Спартанец пришел послом к македонскому царю. «Ты – один?» – удивился царь, привыкший к пышным и многолюдным посольствам. «К одному», – ответил спартанец.
Македонский царь послал сказать спартанцам: «Если я вступлю в Пелопоннес, Спарта будет уничтожена». Спартанцы ответили одним словом: «Если!»
В Спарту пришли послы с острова Самоса – просить помощи. Они произнесли длинную и красивую речь. Спартанцы сказали: «Дослушав до конца, мы забыли начало, а забыв начало, не поняли конца». Самосцы оказались догадливы. На следующий день они пришли в собрание с пустым мешком и сказали только четыре слова: «Мешок есть, муки нет». Спартанцы их пожурили – достаточно было двух слов: «муки нет», – но были довольны такой сообразительностью и обещали помочь.

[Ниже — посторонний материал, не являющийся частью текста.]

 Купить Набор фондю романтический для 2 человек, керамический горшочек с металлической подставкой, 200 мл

На войне спартанец был в своей стихии. Он шел на бой, как на пир, разодевшись, намазав маслом и расчесав длинные волосы. (Полководцы говорили: «Заботьтесь о прическе: она делает красивых грозными, а некрасивых страшными».) Одевались в красное – чтобы было страшнее и чтобы не видно было ран. Другие греки шли на бой под дикий рев труб, спартанцы – под мерный свист свирели: их боевой пыл приходилось не разжигать, а умерять.
Спартанцы первые научились биться строем, фалангой, а не каждый сам за себя: покинуть место в строю, чтобы броситься на врага или от врага, было одинаковым преступлением. Дисциплина была превыше всего. Спартанец Леоним в бою занес меч над врагом, но услышал отбой и отдернул меч: «Лучше оставить в живых врага, чем ослушаться команды». Мальчик Исад убежал на войну и храбро бился – ему дали венок за храбрость и высекли розгами за нарушение дисциплины.

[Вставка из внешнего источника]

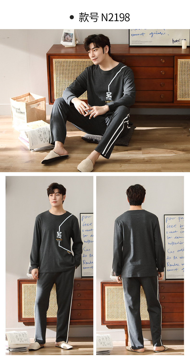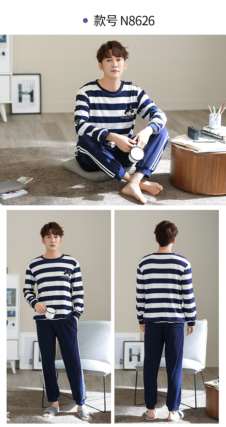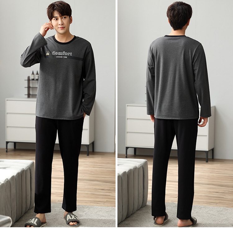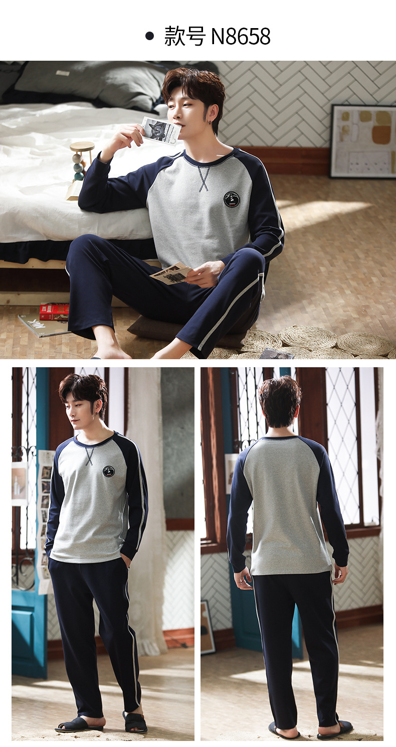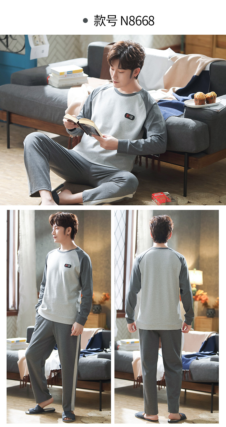 新品纯棉男士睡衣长袖长裤可外穿圆领透气两件套家居服男

Спартанцу предложили в подарок боевых петухов: «Они дерутся до смерти». Спартанец ответил: «Подари мне тех, которые дерутся до победы».
Хромой спартанец шел на войну. «Зачем ты идешь?» – «Я иду не бежать, а биться». Слепой спартанец шел на войну. «Зачем ты идешь?» – «Чтобы притупить собою меч врага». Старый спартанец шел на войну. «Зачем ты идешь?» – «Заслонить молодых».
«Мой клинок короток», – сказал спартанец. «Подступи к врагу на шаг ближе», – ответил ему начальник.
Перед сражением спартанцы приносили жертву не богам войны, а мирным Музам. «Почему?» – спрашивали их. «Потому что мы молимся не о победе, а о певцах, достойных этой победы». После сражения приносили в жертву богам петуха. «Почему?» – «Потому что в Спарте не хватило бы быков для наших побед».
Спартанское воспитание
Афинянин спросил спартанца: «Какое в Спарте наказание за супружескую измену?» – «Никакого», – ответил тот. Афинянин не отставал. Спартанец сказал: «Нужно принести в жертву такого быка, который, стоя на горе Тайгете, пьет воду из долины Еврота». – «Но разве бывают такие быки?» – «А разве бывают в Спарте супружеские измены?»
Женщины в воинском государстве были под стать мужьям: мужественные, сильные, закаленные. Они не жили затворниками, как в остальной Греции: с ними считались. «Только в Спарте мужья слушаются жен», – сказали спартанке. «Потому что только в Спарте жены рожают настоящих мужей», – ответила спартанка.
Спартанка послала в бой пятерых сыновей и ждала вестей у ворот. Появился гонец. «Как дела?» – «Все пятеро убиты», – ответил гонец. «Я не о том спрашиваю: кто победил?» – «Мы». – «Тогда я счастлива, что они погибли», – сказала мать.